As I just moved into an even smaller apartment, minimalism has been on my mind again, and I continue to go through my belongings and pull out things I can pass along. Those old chargers, plates and napkins that I had on my tiny kitchen table? I realized that because they're old, sort of faded and chipped that every time I looked at them, I felt a knot in my stomach. I got rid of them. And frankly, I kind of liked the look of the bare table more, because it showed off the wood grain and shifted the focus to the beautiful, cream-colored chairs that flanked it. Those gorgeous pillows on my couch that are crazy uncomfortable because the ends of the feathers stick into your back every time you try to lay on them? Those went too, to a household where "show" pillows are necessary and comfort doesn't matter.

I still have two trunks full of stuff from my childhood that I'm not ready to let go of. Old yearbooks, my baby blanket, a few stuffed animals, my grandfather's Gator hat. I still have 10 nail polishes (down from 40!) and 10 coffee mugs (all varieties of nerdy!). But these items are additive to my life, rather than subtractive, so minimalism is still achieved for me.
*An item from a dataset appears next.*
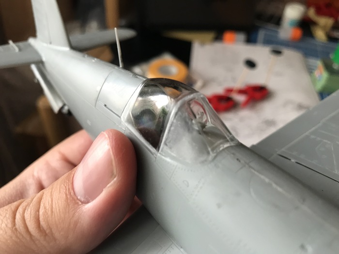 Произведена сборка, замаскирован и приклеен фонарь кабины.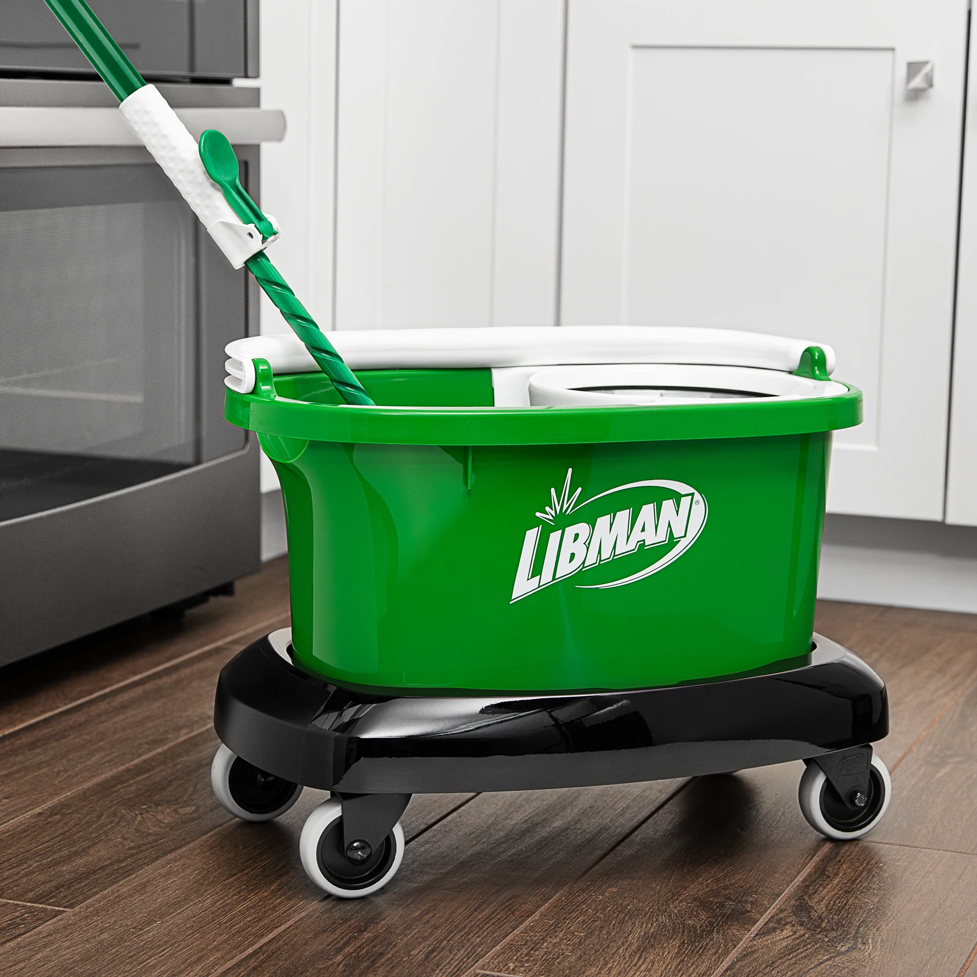 Designed for convenience and durability, the Libman Bucket Trolley makes transporting your Spin Mop Bucket and other Household Buckets a breeze. With four premium, smooth-rolling wheels, your buckets will glide across floors quickly and easily, eliminating the strain of heavy lifting. Whether you are managing a quick clean up or a deep house refresh, the Libman Bucket Trolley is your go-to solution for convenience and reliability.

You might be wondering what in the heck any of this has to do with careers, and I'll admit that the relationship is tangential. But I think the moral of the story is that surrounding yourself with things, experiences, people and the like that ADD to your life can be massively powerful. And along those same lines, removing the things that DETRACT from your life can be even more so. 

What might happen if you cleared off your desk at work today? What if you removed those piles of papers you've been meaning to attend to (but never find the time to look at)? I challenge you to clear away the useless office supplies that you reach for once every six months (like tape! Who really needs tape on their desk?). Think about what might happen if you replace your twelve knick knacks with two framed photos of loved ones that remind you of serene, peaceful or truly happy moments? How would you feel if you kept out the one award that's most meaningful to you and hid those that don't make you feel proud?

You can choose to apply the principles of minimalism to anything in your life, really, from the physical space around you to the mental chatter that clutters your thoughts and inhibits focus. Apply it to your email inbox (Hi Christine!) or streamline your notes by using a single notebook. Maybe create a work "uniform" that helps you get dressed in the morning with ease. Do whatever feels right to you and go slow. Make small changes that you try out for a few weeks to see how you feel. 

I know for me, both the journey and the end result have proven to be powerful in shifting not only my mindset, but my finances (I buy less and am more careful about what I do buy). I'm significantly more relaxed, and instead of looking out into my space and seeing stress and clutter, I see peace. It's been transformational. 

Now it's your turn. Have you heard of minimalism, and do you think it's absolutely nuts? Have you tried it and loved it, too? What are your best tips for helping others achieve minimalism in their life or work? I'd love to hear your thoughts in the comments section below.